OpenAI’s LLM Achieves Gold Medal Performance on IMO, Pushing AI Reasoning to New Heights

Models & Research

The Engineer

21 Jul 2025 · 3 min read

OpenAI's breakthrough LLM solves complex IMO problems with gold medal performance, showcasing advanced creative thinking and problem-solving skills previously thought unattainable for AI.

OpenAI has announced a significant breakthrough in artificial intelligence with their latest experimental reasoning language model (LLM), which achieved gold medal-level performance on the 2025 International Mathematical Olympiad (IMO). This achievement marks a major milestone in AI's ability to handle complex, creative problem-solving tasks that have long eluded machines.

What Changed Technically?

The new LLM has demonstrated an unprecedented level of sustained creative thinking and reasoning, surpassing previous benchmarks in both depth and duration. Here’s a breakdown of the key technical advancements:

Problem-Solving Horizon: The model's reasoning capabilities have evolved from solving short, straightforward problems (like GSM8K, which takes top humans about 0.1 minutes) to tackling more complex tasks (MATH benchmark, ~1 minute), advanced competitions (AIME, ~10 minutes), and finally, the IMO (which requires sustained effort over ~100 minutes).
Complexity of Solutions: IMO problems often require multi-page proofs that are difficult to verify. The model can now craft intricate, watertight arguments similar to those produced by human mathematicians.
General-Purpose Approach: Unlike task-specific methodologies, this LLM leverages general-purpose reinforcement learning and test-time compute scaling to achieve its capabilities. This approach is more flexible and potentially applicable to a wider range of problems.

Evaluation Details

The model was evaluated under the same conditions as human contestants in the 2025 IMO:

Exam Format: Two 4.5-hour sessions
Tools Allowed: None (no internet or calculators)
Problem Statements: Official problem statements were used
Proof Submission: Natural language proofs

Performance Highlights

Problems Solved: The model successfully solved 5 out of the 6 problems on the 2025 IMO.
Grading Process: Each solution was independently graded by three former IMO medalists, with final scores determined by unanimous consensus.
Total Score: The model earned a total of 35 out of 42 points, which is sufficient for a gold medal.

Why It Matters

Creative Reasoning: IMO problems require sustained creative thinking and the ability to construct multi-step proofs. This level of reasoning has historically been a significant challenge for AI.
Verification Challenges: The difficulty in verifying complex, multi-page proofs means that traditional reinforcement learning (RL) methods, which rely on clear-cut rewards, are not sufficient. OpenAI’s model overcomes this by crafting detailed, verifiable arguments.
General-Purpose Capabilities: By using a general-purpose approach, the model can potentially be applied to other complex reasoning tasks beyond mathematics.

Team and Future Plans

The success of this project is credited to a dedicated team at OpenAI, including @SherylHsu02, @polynoamial, and many others. Alexander Wei, one of the lead researchers, expressed his excitement about the achievement and the collaborative effort behind it.
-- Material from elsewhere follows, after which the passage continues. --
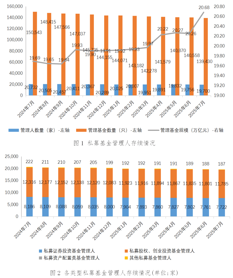 Group 1 - In July 2025, 22 institutions were registered through the AMBERS system, including 6 private securities investment fund managers and 16 private equity and venture capital fund managers. Additionally, 78 private fund managers were deregistered during the same month [1][2] - As of the end of July 2025, there were 19,700 active private fund managers managing a total of 139,430 funds, with a combined management scale of 20.68 trillion yuan [2][9] - The distribution of registered private fund managers is concentrated in Shanghai, Beijing, Shenzhen, Zhejiang (excluding Ningbo), Guangdong (excluding Shenzhen), and Jiangsu, accounting for 72.20% of the total, slightly up from 72.19% in June [4] Group 2 - The top six regions by fund management scale are Shanghai (52.69 billion yuan), Beijing (48.63 billion yuan), Shenzhen (19.70 billion yuan), Guangdong (excluding Shenzhen) (13.04 billion yuan), Jiangsu (11.91 billion yuan), and Zhejiang (excluding Ningbo) (9.78 billion yuan), together representing 75.31% of the total management scale [4] - In July 2025, 1,689 new private funds were registered, with a total new scale of 107.43 billion yuan [8] - The total number of active private funds as of the end of July 2025 was 139,430, with a total scale of 20.68 trillion yuan, including 82,059 private securities investment funds (5.88 trillion yuan), 30,193 private equity investment funds (11.01 trillion yuan), and 26,328 venture capital funds (3.46 trillion yuan) [9]
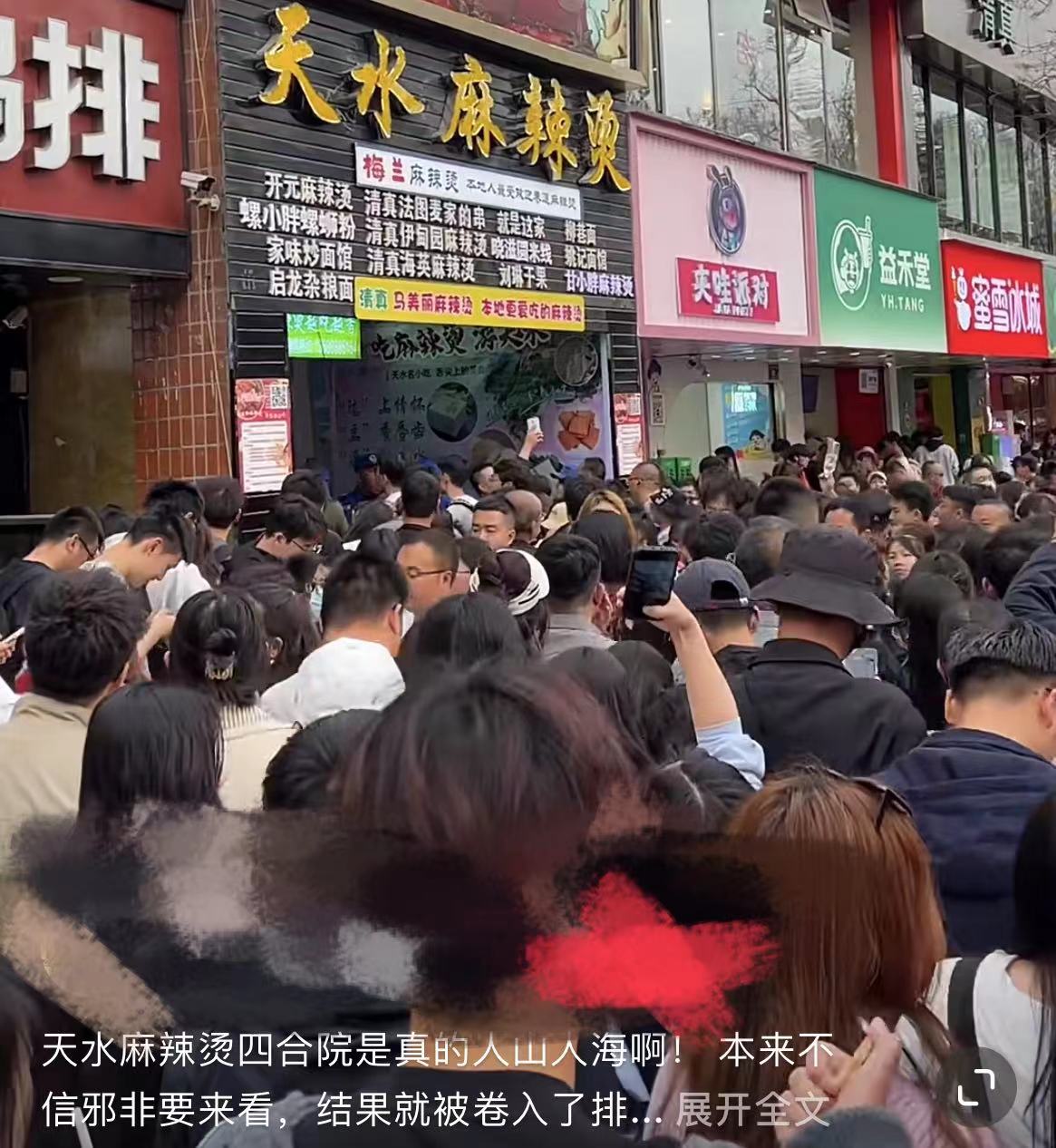一位游客发布视频表示,清明期间,天水麻辣烫店门口真的人山人海,被卷入排队人潮中,根本挤得退都退不出来,排队两个多小时最后才吃上。

While the IMO gold LLM is an experimental research model and not yet available for public use, OpenAI plans to release GPT-5 soon. However, they do not intend to release a version with this level of mathematical capability for several months.

Reflections on Progress

In 2021, Alexander Wei's PhD advisor @JacobSteinhardt had him forecast AI’s progress in mathematics by July 2025. At the time, Wei predicted that AI would achieve 30% performance on the MATH benchmark. The reality far exceeded these expectations, with the model not only surpassing the MATH benchmark but also achieving gold medal-level performance on the IMO.